Cruz and others a specific target to attack, but it would also allow
immigration advocates to defend it. Waiting until later in December could allow
the budget to be approved before setting off a fight over immigration.
Although a
Republican president could reverse Mr. Obama’s overhaul of the system after he
leaves office in January 2017, the president’s action at least for now will
remove the threat of deportation for millions of people in Latino and other
immigrant communities. Immigration agents are to instead focus on gang members,
narcotics traffickers and potential terrorists.
Officials said
one of the primary considerations for the president has been to take actions
that can withstand the legal challenges that they expect will come quickly from
Republicans. A senior administration official said lawyers had been working for
months to make sure the president’s proposal would be “legally unassailable”
when he presented it.
Most of the
major elements of the president’s plan are based on longstanding legal precedents
that give the executive branch the right to exercise “prosecutorial discretion”

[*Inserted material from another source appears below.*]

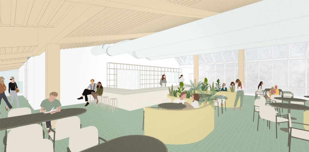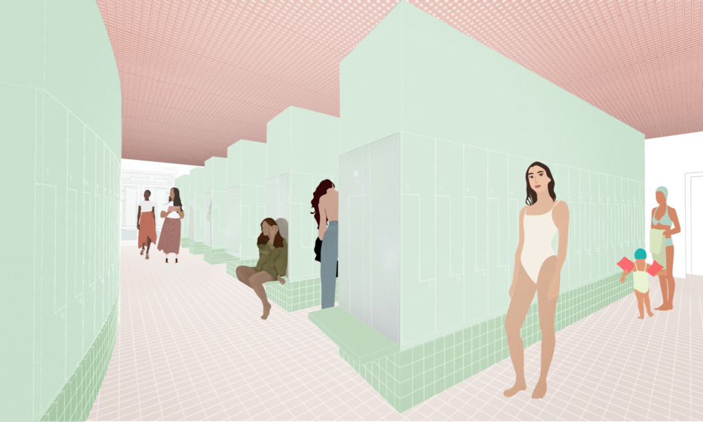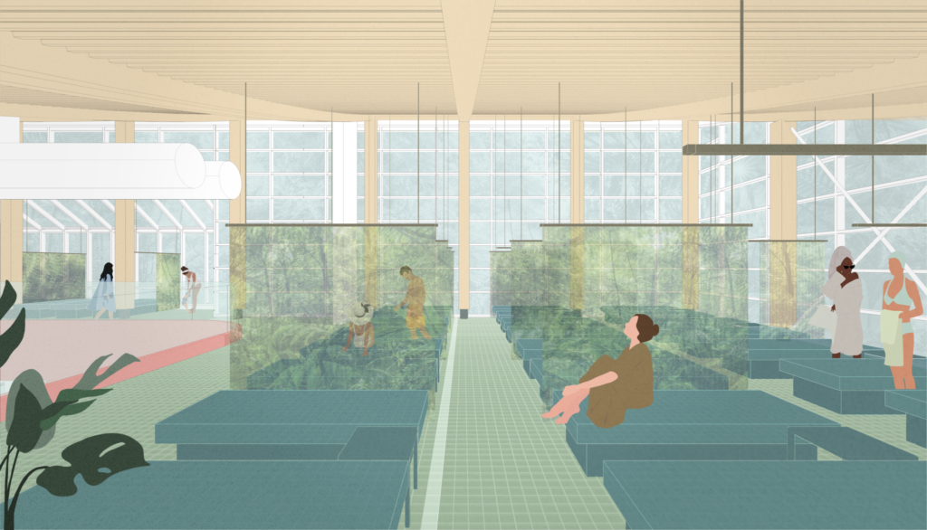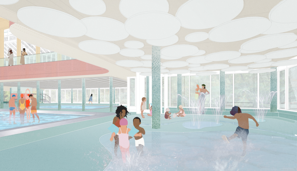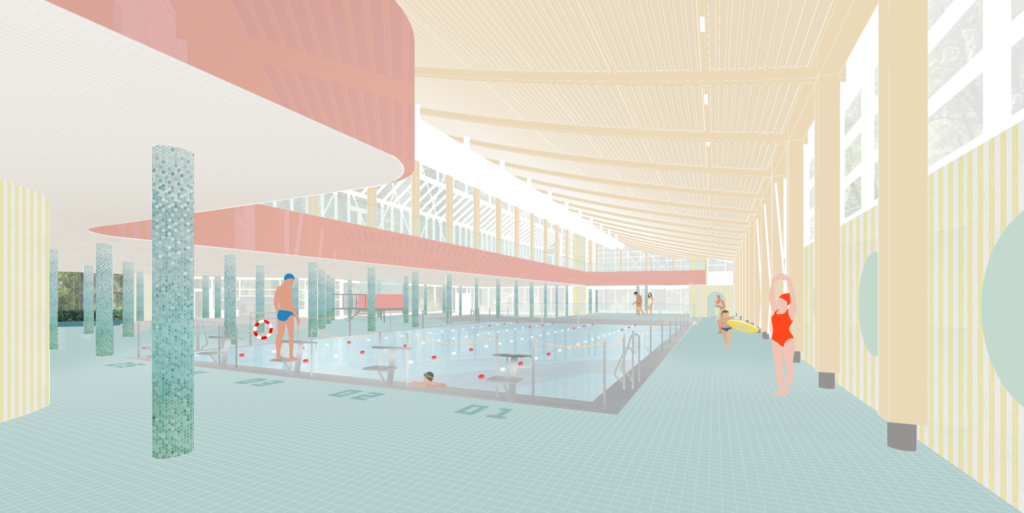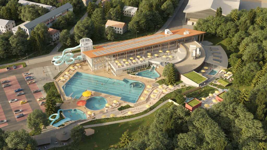 Parallel zur Neuorganisation der Wasserflächen wird die Besucherführung umfassend überarbeitet. Es entstehen ein neuer Eingangsbereich mit Kassenanlage, vollständig neu strukturierte Umkleiden mit Nebenräumen sowie neue Aufenthaltsbereiche und Flächen für die Badeaufsicht. Ein großzügiger Wintergarten mit Ruhe- und Liegezonen erweitert die Aufenthaltsqualität im Innenraum und wird durch eine direkt angeschlossene Sonnenterrasse ergänzt. Darüber hinaus wird der Gastronomiebereich Erlebnisbads vollständig neu gestaltet und durch zusätzliche Liege- und Aufenthaltsflächen auf einer Galerieebene erweitert. Als markantes architektonisches Element entsteht eine neue transparente Röhrenrutsche mit eigenständigem Rutschentreppenturm, die künftig als prägendes Wahrzeichen des Bades fungiert.

in how it enforces the laws. That was the basis of a 2012 decision to protect
from deportation the so-called Dreamers, who came to the United States as young
children. The new announcement will be based on a similar legal theory,
officials said.
The White House
expects a chorus of outside legal experts to back it up once Mr. Obama makes
the plan official. In several “listening sessions” at the White House over the
last year, immigration activists came armed with legal briefs, and White House
officials believe those arguments will quickly form the basis of the public
defense of his actions.
Many
pro-immigration groups and advocates — as well as the Hispanic voters who could
be crucial for Democrats’ hopes of winning the White House in 2016 — are
expecting bold action, having grown increasingly frustrated after watching a
sweeping bipartisan immigration bill fall prey to a gridlocked Congress last
year.
“This is
his last chance to make good on his promise to fix the system,” said Kevin
Appleby, the director of migration policy at the United States Conference of
Catholic Bishops. “If he delays again, the immigration activists would — just
politically speaking — jump the White House fence.”
Some groups,
like the United We Dream network, the largest organization of young
undocumented immigrants, are preparing to deploy teams to early 2016 states
like Iowa and New Hampshire to hold presidential candidates accountable and
press for more action.
“From our
perspective, the president has the power, the precedent and the priority for
action on his side,” said Clarissa Martínez-De-Castro, deputy vice president of
NCLR, also known as the National Council of La Raza. The opportunity “to go big
and bold is what will allow the country to derive the biggest benefit on both
the economic side and the national security side.”